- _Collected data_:
::::

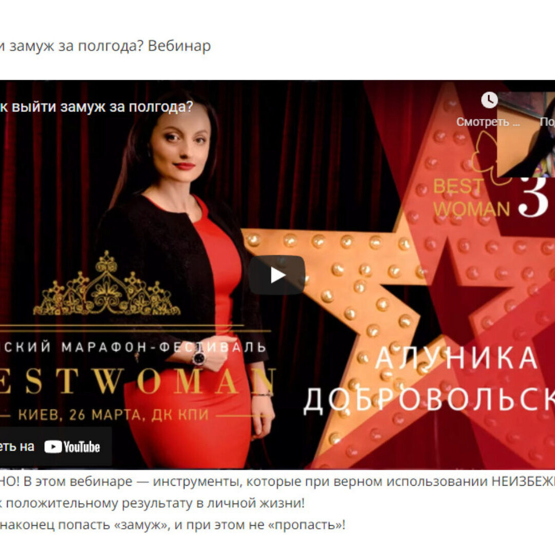 Алуника Добровольская «Как выйти замуж за полгода (Видео+Транскрибация)»
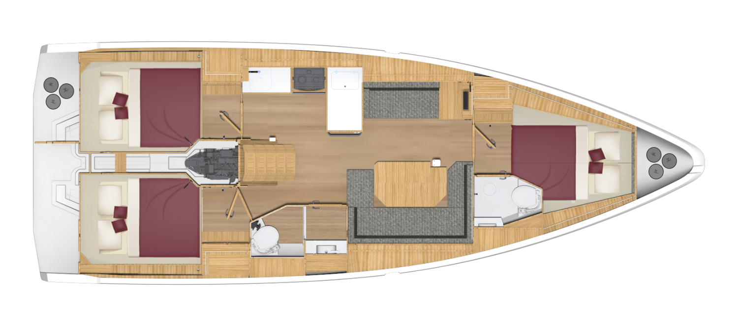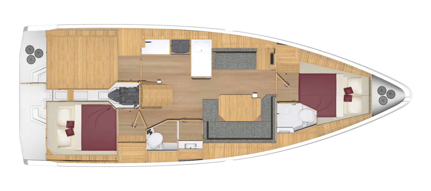 Foredeck and side decks offer you plenty of freedom of movement and thanks to the innovative hull design, new dimensions open up below deck as well. There is a choice of individual cabin layouts, from the luxurious 2-cabin version with one spacious bathroom to the comfortable 3-cabin version with two bathrooms. As the owner, you can dream in a real king-size bed in the forward cabin - comfortable headroom and plenty of daylight included.
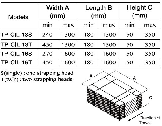 | Capacity | Up to 24 bundles/minute (Model: TP-CIL-13S & TP-CIL-13T) |
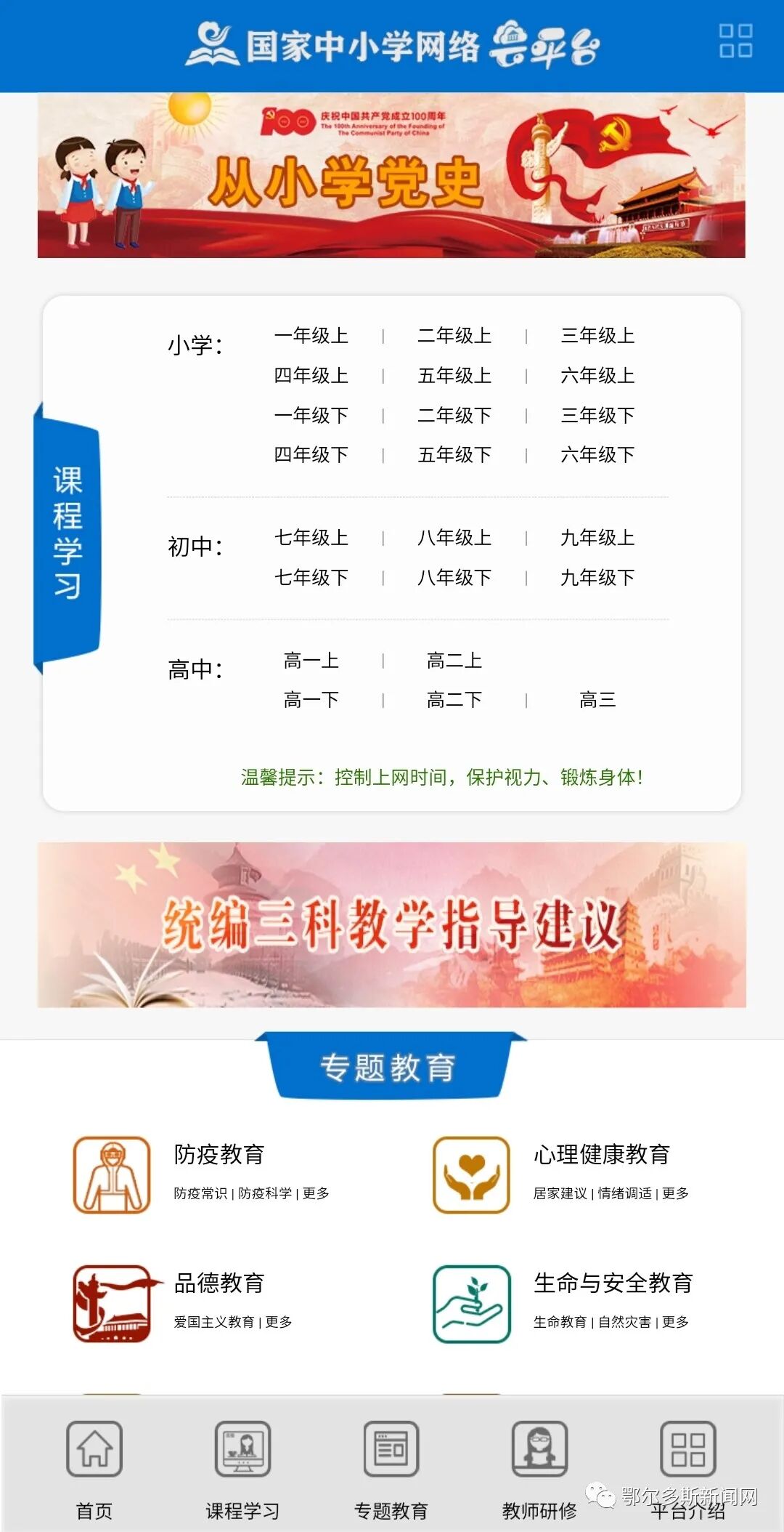 国家中小学网络云平台中小学、初中、高中的所有学科课程免费在线学习,名师讲课。平台上还有许多专题学习内容,如“防疫”主题、心理健康专题教育等。教师也可以在平台上进行研修,其中包括通识研修课程和学科研修课程。
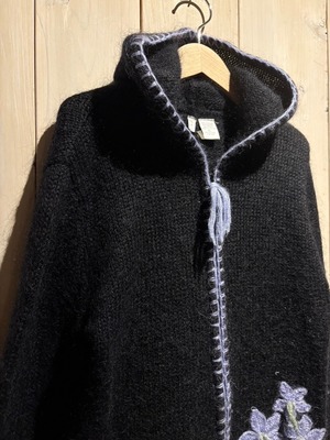 ブラックモヘアを贅沢に混紡したブラックのボディに、レトロな花の刺繍を刻んだジップアップニットフーディ。
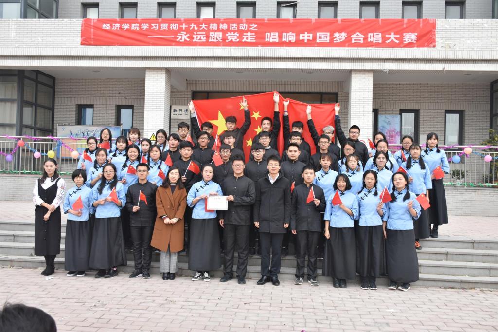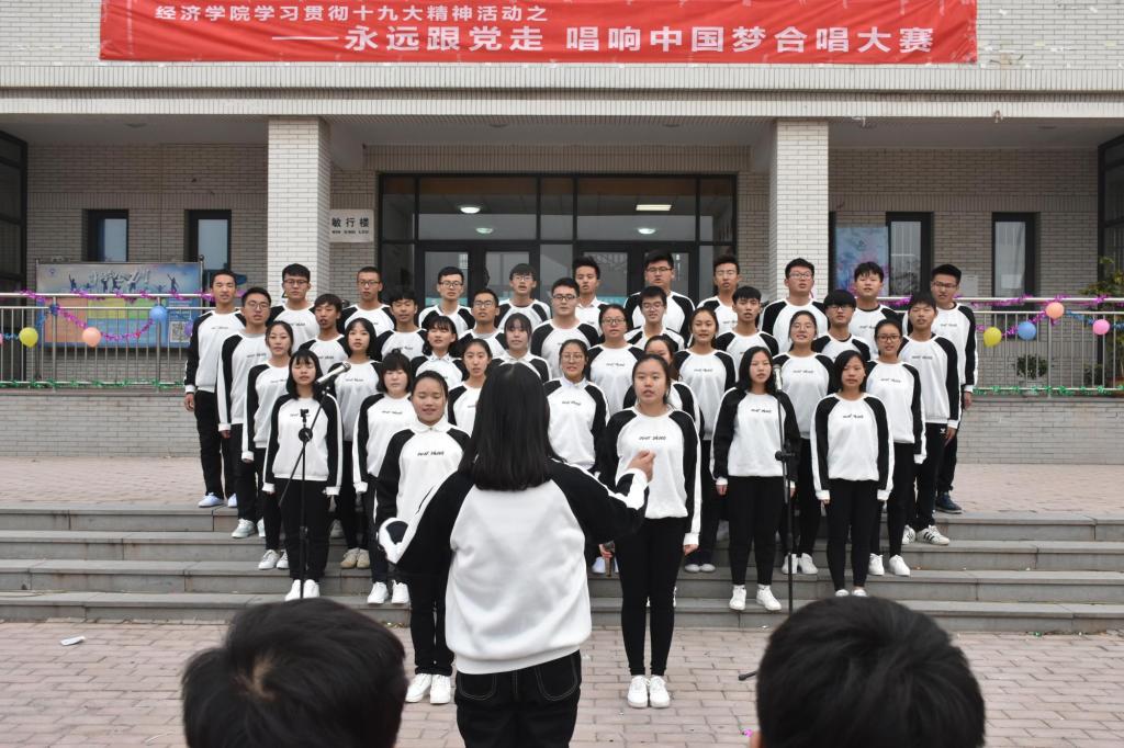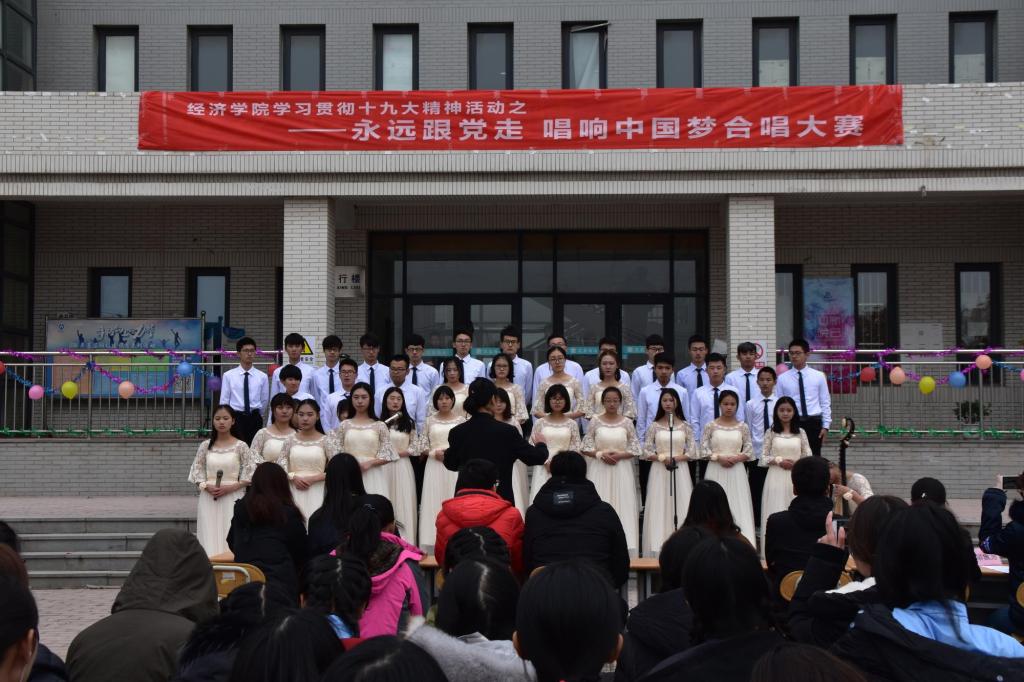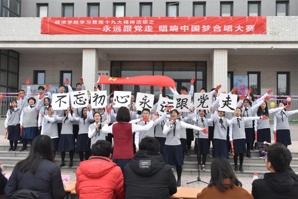 (通讯员:白战� 杨晓雯)为深入学习贯彻十九大精神,激发同学们爱党爱国情怀,展现经济学院学子良好精神风貌和艺术素养,营造格调高雅、健康向上的校园文化氛围�11�16日下�14�00,经济学院于圣井校区敏行楼前举办“永远跟党走,唱响中国梦”合唱大赛。此活动系我院学习贯彻十九大精神系列活动之一。经济学院辅�员付雯、朱海林老师出席�2017级全体学生到场参加�
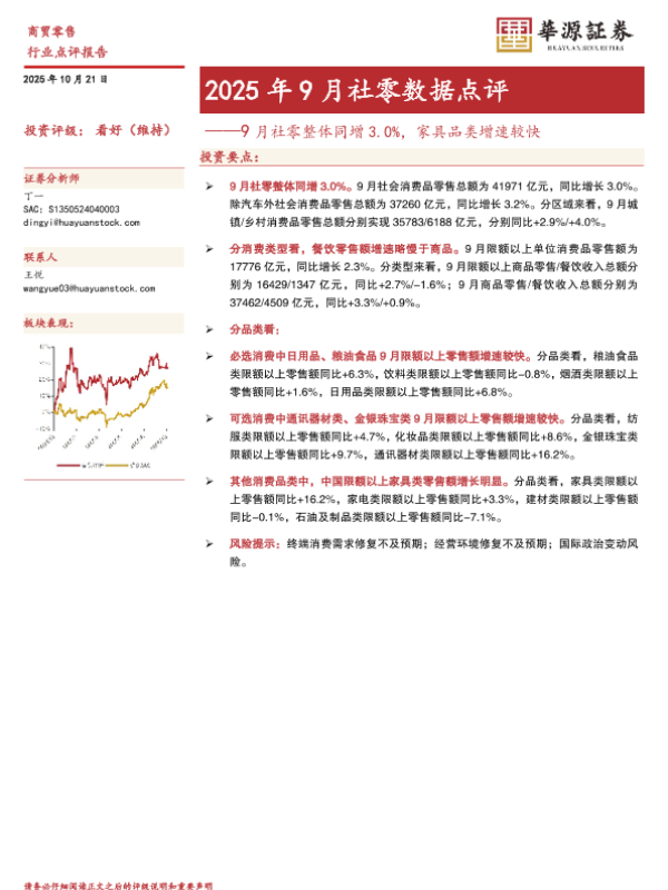 【华源证券】【202510】2025年9月社零数据点评——9月社零整体同增3.0%,家具品类增速较快-7页 证券期货研究报告

::::

- _EXERCISE PROMPT_: Every line from the one with "国家中小学网络云平台中小学、" through the end of the records is to be reproduced exactly, and the pictures are to be left out.

- _SOLUTION TO THIS PROBLEM_:
 国家中小学网络云平台中小学、初中、高中的所有学科课程免费在线学习,名师讲课。平台上还有许多专题学习内容,如“防疫”主题、心理健康专题教育等。教师也可以在平台上进行研修,其中包括通识研修课程和学科研修课程。
 ブラックモヘアを贅沢に混紡したブラックのボディに、レトロな花の刺繍を刻んだジップアップニットフーディ。
 (通讯员:白战� 杨晓雯)为深入学习贯彻十九大精神,激发同学们爱党爱国情怀,展现经济学院学子良好精神风貌和艺术素养,营造格调高雅、健康向上的校园文化氛围�11�16日下�14�00,经济学院于圣井校区敏行楼前举办“永远跟党走,唱响中国梦”合唱大赛。此活动系我院学习贯彻十九大精神系列活动之一。经济学院辅�员付雯、朱海林老师出席�2017级全体学生到场参加�
 【华源证券】【202510】2025年9月社零数据点评——9月社零整体同增3.0%,家具品类增速较快-7页 证券期货研究报告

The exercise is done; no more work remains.